Run the following to install:

```python
pip3 install MutationChecker
```

## Usage

This package consists of several modules: MAPPER, EMBL, PROSITE and STRUCTURE. Each one has it's own methods.

## MAPPER MODULE

The mapper module consist of 3 functions. GeneToUniprot, GeneToPDB and GeneToFasta. These functions are
used for converting identifiers between main databases.

### GeneToUniprot
This function takes the name of a gene and maps it into a Uniprot Reviewed ID. By default uses the human
specie. 

@ input - gene (str) Name of Gene
@ input - specie (str) Name of the Specie. Default: Human
@ output - Uniprot ID (str) - Uniprot ID Code

Example: Generate info for EIF2B5 gene

```python
from MutationChecker.mapper import GeneToUniprot
GeneToUniprot("EIF2B5")
```

### GeneToPDB

This function takes the name of a gene and maps it into a list of PDB id's
By default uses the human specie. 

@ input - gene (str) Name of Gene
@ input - specie (str) Name of the Specie. Default: Human
@ output - PDB ID (list of str) - PDB ID Codes

Example: Generate PDB Code for EIF2B5 gene

```python
from MutationChecker.mapper import GeneToPDBMapper
GeneToPDB("EIF2B5")
```

### GeneToFasta

This function takes the name of a gene, and extract its sequence from Uniprot.
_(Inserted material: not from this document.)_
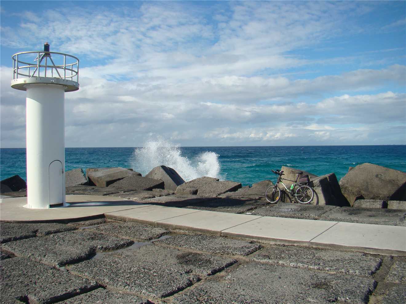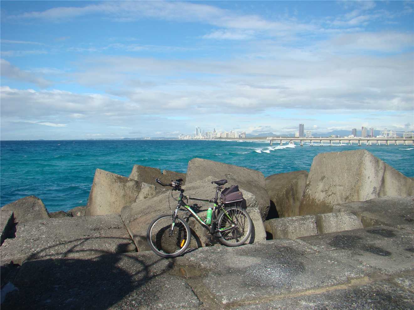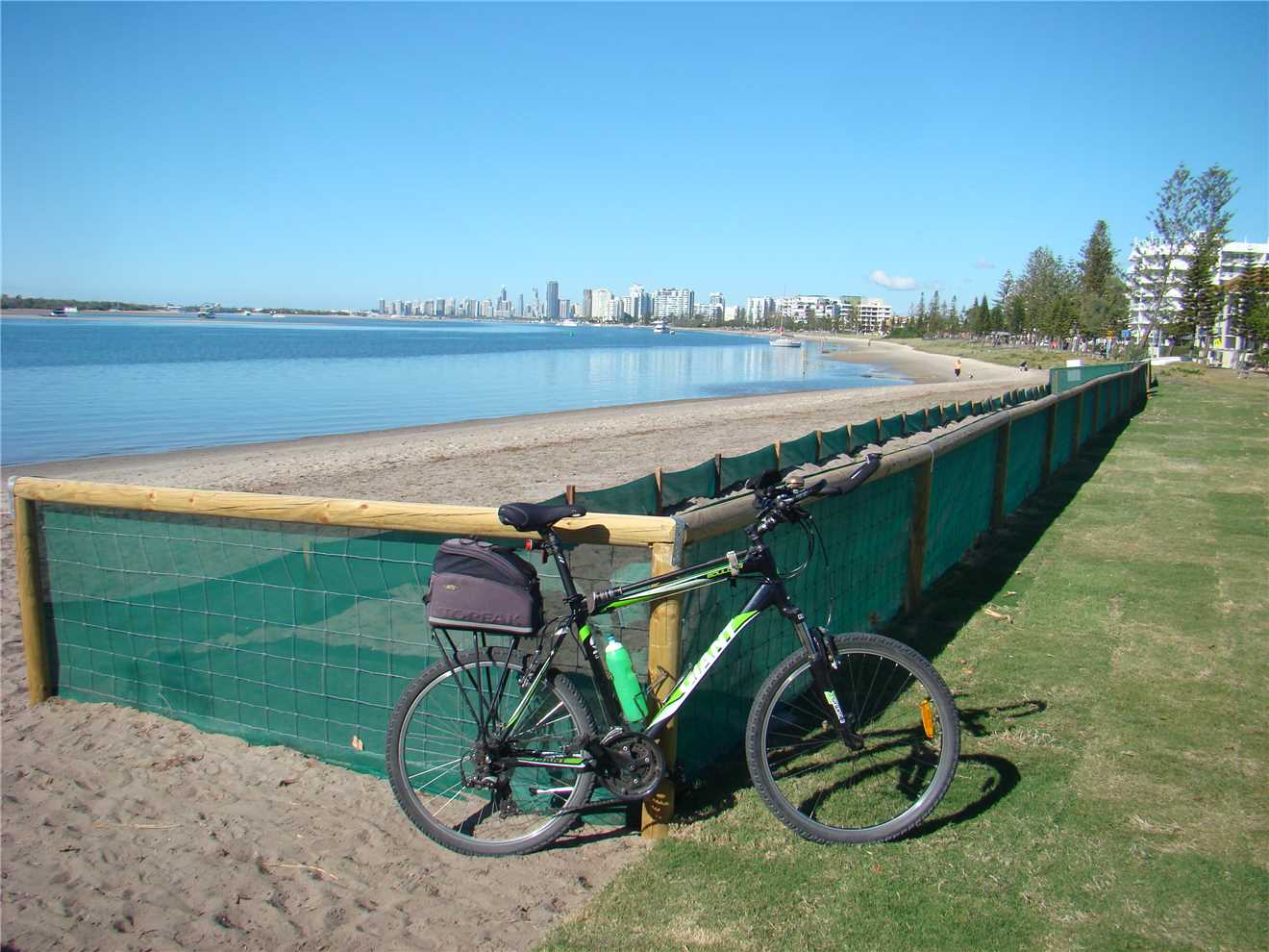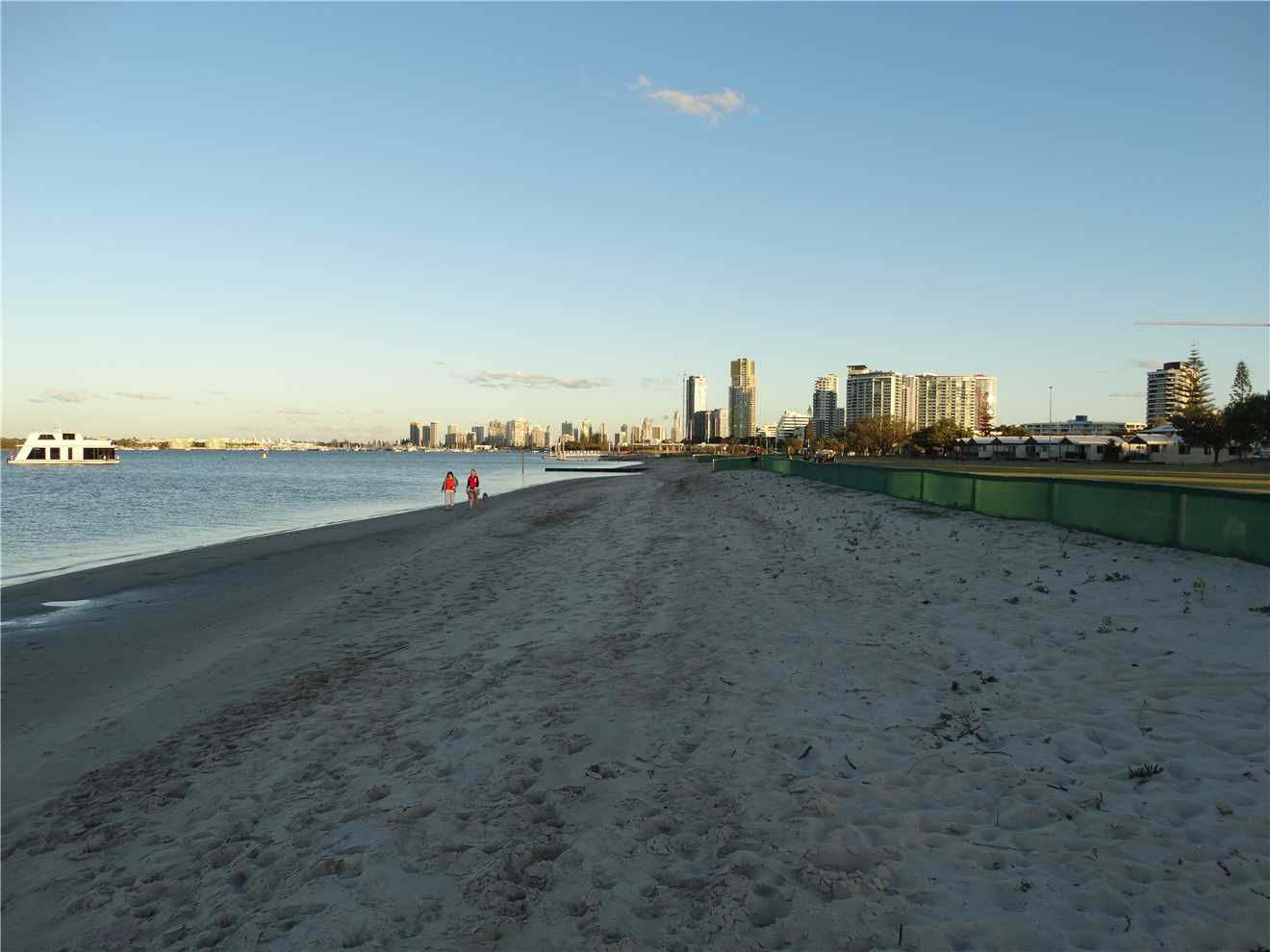 $1B Jewel Gold Coast, they were erecting a 4th monster crane, yesterday they were doing a BIG concrete pour. The joint is jumping. I continued to Burleigh Heads, then headed back to The Spit, stopping at Robbie McEwen's cafe at Miami Beach for a coffee, then along the shared paths, through Broadbeach and Surfers then along the Federation Walk starting at the Southport SLSC and ending at the Seaway. Out to the end of The Spit, I watched Meridan Passage 11 enter the seaway, ate my bananas AND watched a dolphin making its way out to sea. I missed the photo chance, sorry. Then along Seaworld Drive to Southport Yacht Club, then along the shared path, up through Labrador and Biggera Waters and then back to camp, about 57kms. This is my normal route.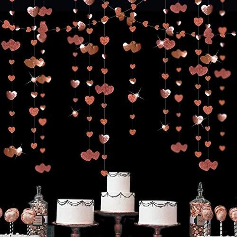 Package Contains- 4 packs of rose gold heart party decoration garland,each string is 13 feet/ 4 meters. Environmental Material-Our rose gold garlands are made of two materials paper alternately.Double sided metallic paper and glitter paper,high quality with neat cut,strong,durable and reusable. Asymmetrical Style-1 sets will contain 2 different permutation of glitter and metallic paper.You can DIY crop to any length you want. Let your decor design more eye-catching. Using Occasion-Perfect for decorating any parties.such as wedding,baby shower,birthday,bachelorette,engagement,bridal shower,graduation ceremony,valentines day,anniversary,hen party rose gold party decoration and so on. Product Warranty and Customer Service-We provide 48-day money-back and 24-month warranty. So feel free to contact us if you have any question. Product Description Our Rose Gold Party Decorations Heart Garland Kit Includes: 4 packs of rose gold glitter & metallic heart garland Dimension: Each string of the rose gold heart garland is 13 feet/ 4 meters.Total length is 52 feet/ 16 meters. 已申请版权保护,请勿抄袭,否则后果自负! MULTIPLE OCCASION: Heart decorations Birthday decorations Wedding decorations Christmas decorations Hen party decorations Graduation decorations Anniversary decorations MULTIPLE OCCASION: Bachelorette decorations Baby shower decorations Mother's day decorations Bridal shower decorations Valentines day decorations Rose gold party decorations Engagement party decorations WARM-TIP: Unroll & unwrap garlands carefully. Due to delicate nature of thread, may tangle. There may be dimension errors to some degree due to manual measurement. There may be some slight differences between the color tone of the pictures and that of the actual items due to lighting effects, monitor's brightness and contrast settings, etc.

@ input - gene (str) Name of Gene
@ input - specie (str) Name of the Specie. Default: Human
@ output - Uniprot Fasta (str)

Example: Generate Fasta for EIF2B5 gene

```python
from MutationChecker.mapper import GeneToFasta
GeneToFasta("EIF2B5")
```

## STRUCTURE MODULE

This module contains methods related to computations of the PDB structure file of a protein. 

### DownloadPDB

This function takes a list of str (or one str) of PDB Codes and downloads the file into the working folder.
It accepts a list of PDB to download the longest PDB structure.. 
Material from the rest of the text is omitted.